In my childhood years in South Georgia, we celebrated the New Year with collards (green was the color of money, therefore you might become rich), black-eyed peas and country ham. As far as I know, none of my folks had heard the term “Hoppin’ John”; perhaps we were too far back in the country to hear about the traditions of others. Whatever the name, though, the meals were pretty much the same across the culture. Many of our food traditions came from African influences. Some food historians say that Hoppin’ John originated in South Carolina among the slave communities there. Like so many of our traditions, the actual facts get lost in the passing of time. But one thing remains certain: in the South; on New Year’s Day, a majority of us will feast on something similar to Hoppin’John.

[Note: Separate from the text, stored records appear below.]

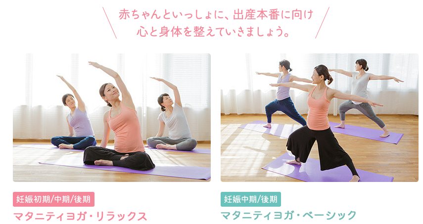 ※マタニティーヨガとは、妊活中、妊娠中、産後とそれぞれの期間に応じてプログラムが変わります。
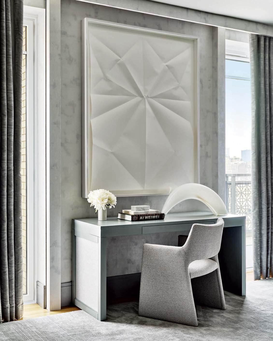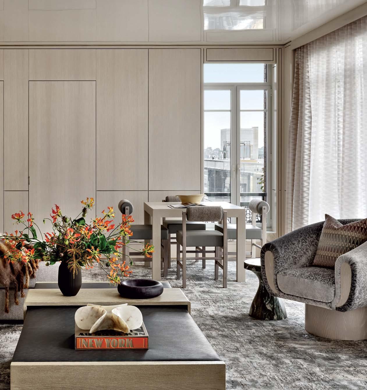 In the newly carved-out family room, floorto-ceiling white oak wraps the walls, creating a nuanced canvas that encompasses hidden storage at one end of the space and a built-in media center at the other. To define the latter, the designers cleverly recessed the television in reeded oak paneling. Gleaming above, a highgloss ceiling makes a wow-worthy statement that, depending on the light, mirrors the movement of the Hudson River on view through the room’s vast expanse of windows. “In the evening, with the reflections, it changes the whole mood of the room,” Mabley shares. Harnessing the decorative treatment’s luminous capacities, the glossy ceiling treatment reappears in the living, dining and primary bedroom, while textured oak paneling and marble interjections repeat boldly at the elevator entry and as accents elsewhere. Crucial to the continuity of these material through lines was Capolino’s in-house
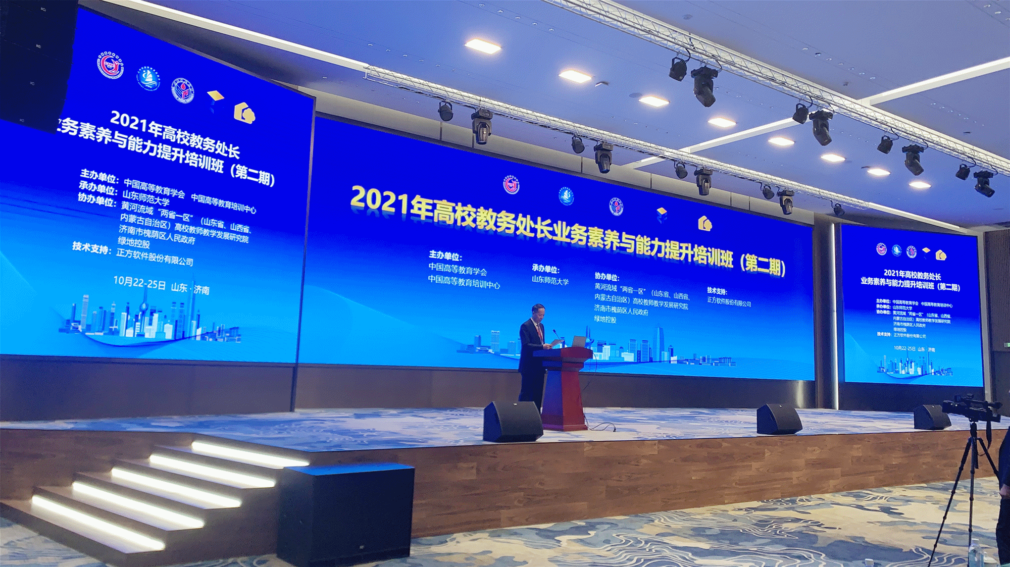 10月23-24日,由中国高等教育学会、中国高等教育培训中心主办,山东师范大学承办的“2021高校教务处长业务素养与能力提升培训班(第二期)”在济南成功举办。中国高等教育学会副会长、教育部高教司原司长张大良,中国高等教育学会副秘书长王小梅;山东省政协副主席、校党委书记唐洲雁,副校长满宝元,山东省教育厅高等教育处处长李霞等出席开班仪式。教育部高等教育司副司长武世兴线上做主旨报告。来自北京、天津、河北、山西、山东等省市100余所本科高校的近200多名教务处负责同志通过线上线下相结合的方式参加培训。

There are as many recipes for this New Year standard as there are cooks and chefs and food writers. The recipes have one thing in common: rice and black-eyed peas. Some food writers believe that the meal we eat today cannot compare to the earlier versions, when the rice was of a different quality. In fact, a fairly recent marketing trend offers Carolina Gold Rice, described as “the grandfather of long-grained rice in the Americas” that can be bought on the internet for about $10 per pound — a little pricier than Mahatma or Uncle Ben’s. And there are articles in national newspapers and magazines that suggest this is not a tasty dish and that nothing will improve it. But for those of us who have been raised on it, who love our traditions and will challenge anyone who speaks ill of how we prepare our food, Hoppin’ John is an annual rite of passage into the New Year (eaten, usually, as one watches a football game).

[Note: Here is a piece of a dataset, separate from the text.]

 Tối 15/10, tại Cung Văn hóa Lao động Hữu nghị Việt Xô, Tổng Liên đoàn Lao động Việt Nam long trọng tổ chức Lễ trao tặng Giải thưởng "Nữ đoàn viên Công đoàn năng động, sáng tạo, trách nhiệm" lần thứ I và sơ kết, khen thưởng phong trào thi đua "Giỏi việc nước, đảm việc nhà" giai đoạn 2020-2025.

The following recipe is an amalgamation of several, and includes changes I’ve made over the years. Very little in life is set in stone, least of all a recipe for such a dish. So, experiment with it, add to, take from, change around, make it your own. Then one day someone will say “I want it just the way Mama made it”  — though Mama made it differently each year.

Hoppin’ John
2 cups dried black-eyed peas (or dried red field peas, which are used in some traditions)

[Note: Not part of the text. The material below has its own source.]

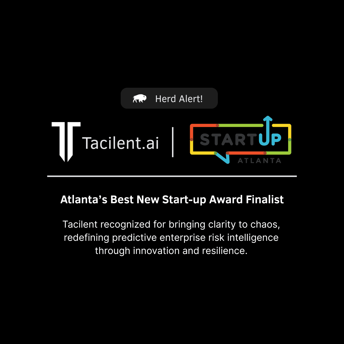 Tacilent.ai has been named a Finalist for the 2025 Atlanta Best New Startup Award. This recognition highlights the impact of Tacilent’s predictive intelligence and resilience strategies, as well as the thriving community we’re building through the Nerd Herd. By transforming how organizations anticipate and act on risk, Tacilent is helping shape the future of AI-driven risk technology. Being recognized by Startup Atlanta reinforces that Atlanta is where innovation in risk intelligence is taking root—and we’re only just getting started.

½ pound cured salt pork or country ham
1 large onion, finely chopped
2 garlic cloves, minced
¼ teaspoon crushed red pepper
½ teaspoon dried thyme
1 bay leaf
Black pepper to taste
Salt to taste
1 cup long-grained rice, uncooked
1 cup finely chopped green onions (scallions) for garnish
Wash and drain peas, then cover with water and soak overnight. Drain and place in large pot with 3 pints of water. Bring peas to a boil over medium heat; reduce heat to a slow simmer and then cover the pot and simmer for 30 minutes. Add pork, onion, garlic and other seasonings except for salt. Cover the pot and simmer 1 to 2 hours, until the peas are tender. Now taste and correct for salt. If the pork was very salty you may not need to add more salt. Use your judgment.  Place two cups of the pea broth in a separate pot and bring to boil over medium heat. Add the rice, bring it to a boil, reduce heat, cover the rice and follow package directions for cooking time (usually 15 to 20 minutes). When the rice is ready, drain the broth from the peas but do not discard yet. Fluff the rice with a fork and gently mix in the peas, tossing them with a fork rather than stirring with a spoon. If the mixture is a little dry, add a bit of the reserved broth, but be careful, a spoonful or two should be plenty. Serve in bowls with a few green onions sprinkled on top and perhaps with a small piece of pork added to each serving. Have pepper sauce and/or Tabasco available for those who prefer a bit more heat. Add a piece of that cornbread you’ve been baking in the oven while the rice was cooking. Now pause, give thanks for a new year, for food to eat, for loved ones with whom you are sharing it. Don’t look back. 2018 has arrived.